Your answer must be the exact lines below, starting with the line with "- Naidu SS, Baran" and going on through the line with "This Cobalt Swirl", both included, with no pictures.

** DATASET CONTENT follows **

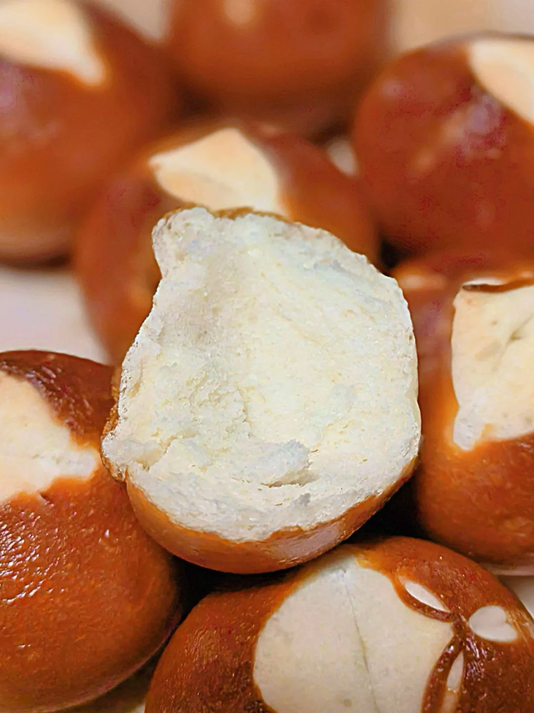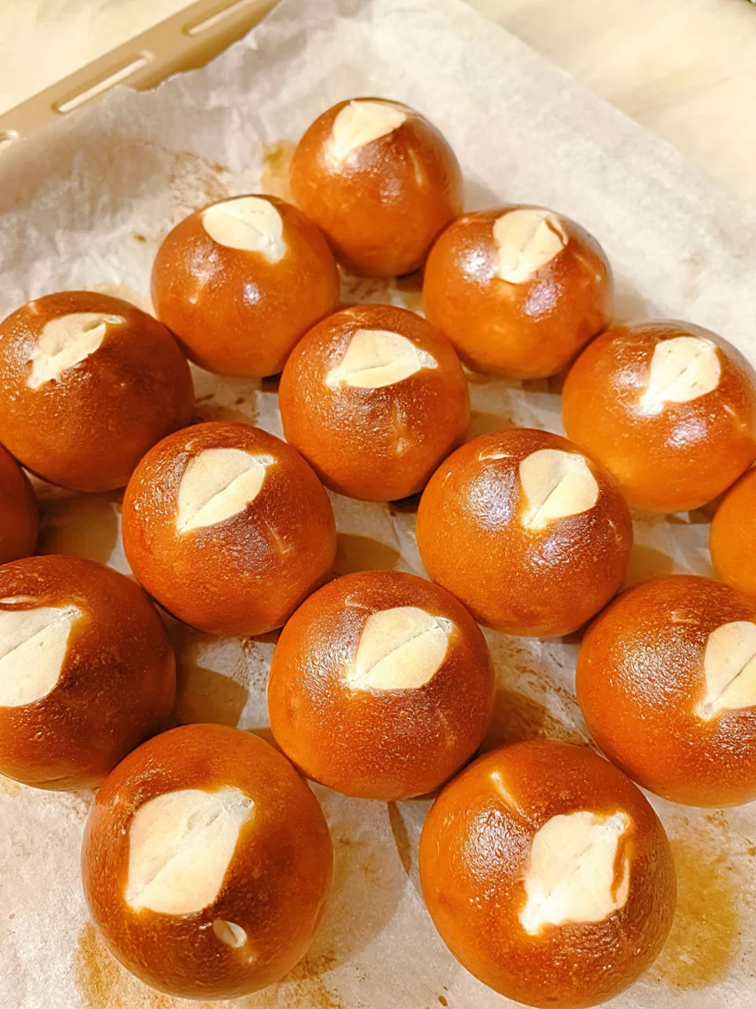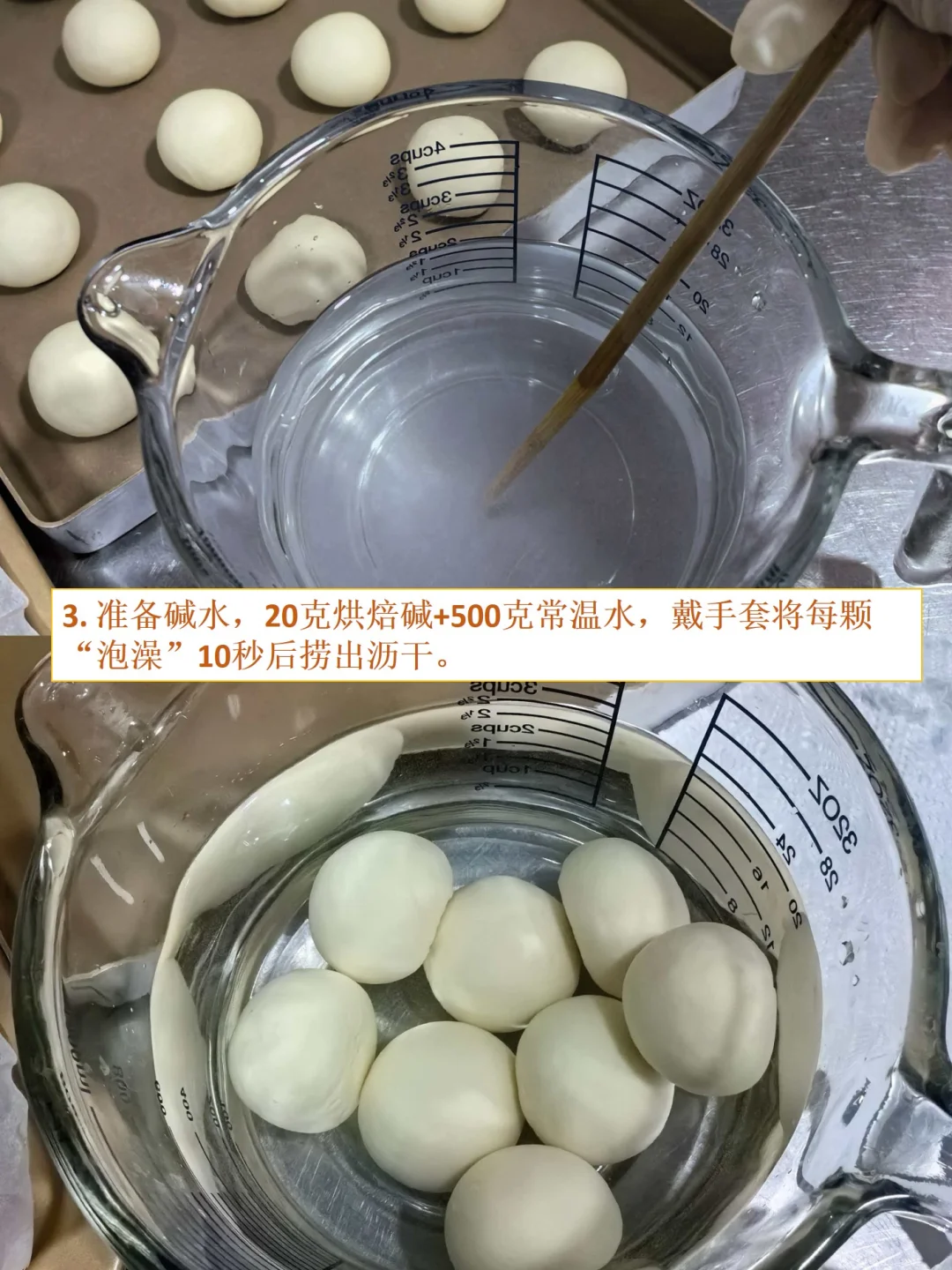 姐妹们!减脂期嘴巴寂寞?店里10块一个的焦脆碱水球,我2元复刻! 面包机15min揉面,烤箱15min滚成“迷你保龄球”,0糖油炸弹、0造型难度! 外皮咔嚓到上头,内心软弹有嚼劲,1颗≈68kcal,比苹果还低,啃3颗都不带破戒! 🍞面团配方(16颗量) 高筋粉200g|低筋粉50g|冰水145g|盐4g|奶粉10g|酵母2g 碱水部分:烘焙碱 20g | 水:500g 🔥懒人5步(减脂版) 1. 所有材料进面包机,选择“和面菜单”15min,揉成八层筋度即可! 2. 室温松弛10分钟后,分16份(≈25g/颗),掌心滚圆,放入冰箱冷藏20分钟。 3. 准备碱水,20克烘焙碱+500克常温水,戴手套将每颗“泡澡”10秒后捞出沥干。 4. 再放入烤盘,凉2分钟后用剪刀剪口,深度1厘米左右。 5. 放入烤箱中下层,上火230度,下火180度 ,15分钟出炉,“老虎棕”闪到反光! 💡减脂封神点 ①0油0糖,比香蕉还友好 ②高盐+咀嚼感→啃一颗能嚼50下,大脑快速“饱腹”,下午茶来2颗直接省掉薯片! ③低GI→碱水外衣延缓碳水吸收,运动前吃2颗,撸铁不撞墙!
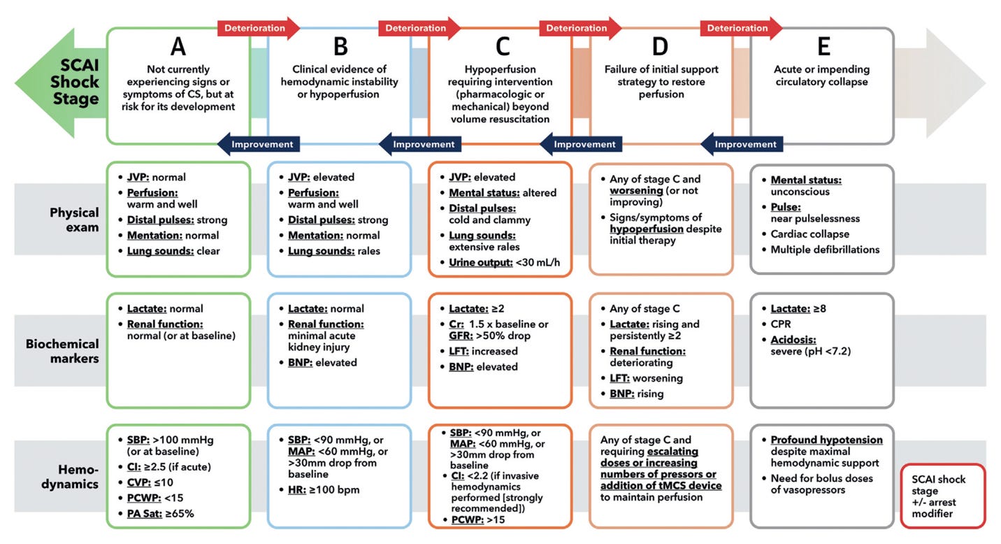 - Naidu SS, Baran DA, Jentzer JC, et al. SCAI SHOCK Stage Classification Expert Consensus Update: A Review and Incorporation of Validation Studies: This statement was endorsed by the American College of Cardiology (ACC), American College of Emergency Physicians (ACEP), American Heart Association (AHA), European Society of Cardiology (ESC) Association for Acute Cardiovascular Care (ACVC), International Society for Heart and Lung Transplantation (ISHLT), Society of Critical Care Medicine (SCCM), and Society of Thoracic Surgeons (STS) in December 2021. J Am Coll Cardiol. 2022 Mar 8;79(9):933-946. doi: 10.1016/j.jacc.2022.01.018. Epub 2022 Jan 31. PMID: 35115207.
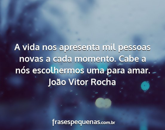 A vida nos apresenta mil pessoas novas a cada momento. Cabe a nós escolhermos uma para amar.João Vitor Rocha
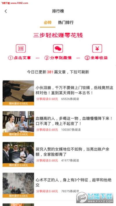 2.阅读就能赚钱,转发给好友或朋友圈赚的更多;
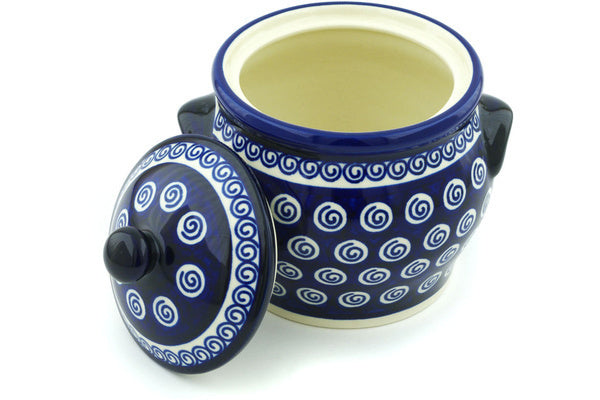 This Cobalt Swirl 6" Jar with Lid and Handles was handmade and hand decorated in Boleslawiec, Poland by skilled artisans according to old traditional methods. This Polish stoneware is microwave, dishwasher, freezer, and oven safe up to 480°F. It does not contain lead or cadmium. It is part of the Cobalt Swirl Collection.
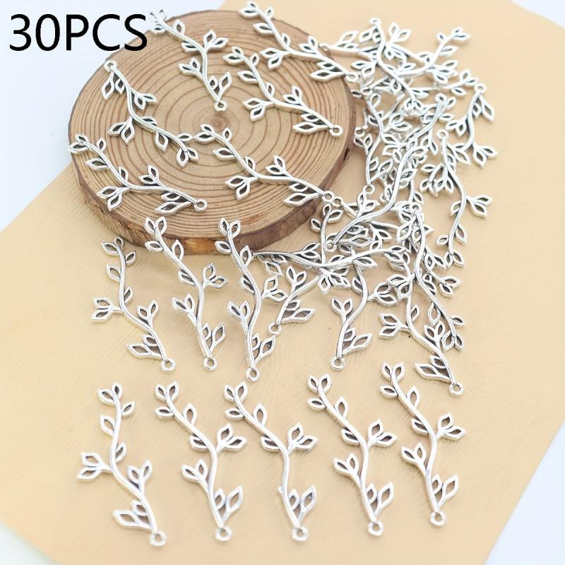 This set includes 30pcs of alloy floral branch connectors ideal for DIY jewelry making. The leaf charms can be used in various crafting projects.

** End of DATASET CONTENT **

§ PROBLEM SOLUTION:
 - Naidu SS, Baran DA, Jentzer JC, et al. SCAI SHOCK Stage Classification Expert Consensus Update: A Review and Incorporation of Validation Studies: This statement was endorsed by the American College of Cardiology (ACC), American College of Emergency Physicians (ACEP), American Heart Association (AHA), European Society of Cardiology (ESC) Association for Acute Cardiovascular Care (ACVC), International Society for Heart and Lung Transplantation (ISHLT), Society of Critical Care Medicine (SCCM), and Society of Thoracic Surgeons (STS) in December 2021. J Am Coll Cardiol. 2022 Mar 8;79(9):933-946. doi: 10.1016/j.jacc.2022.01.018. Epub 2022 Jan 31. PMID: 35115207.
 A vida nos apresenta mil pessoas novas a cada momento. Cabe a nós escolhermos uma para amar.João Vitor Rocha
 2.阅读就能赚钱,转发给好友或朋友圈赚的更多;
 This Cobalt Swirl 6" Jar with Lid and Handles was handmade and hand decorated in Boleslawiec, Poland by skilled artisans according to old traditional methods. This Polish stoneware is microwave, dishwasher, freezer, and oven safe up to 480°F. It does not contain lead or cadmium. It is part of the Cobalt Swirl Collection.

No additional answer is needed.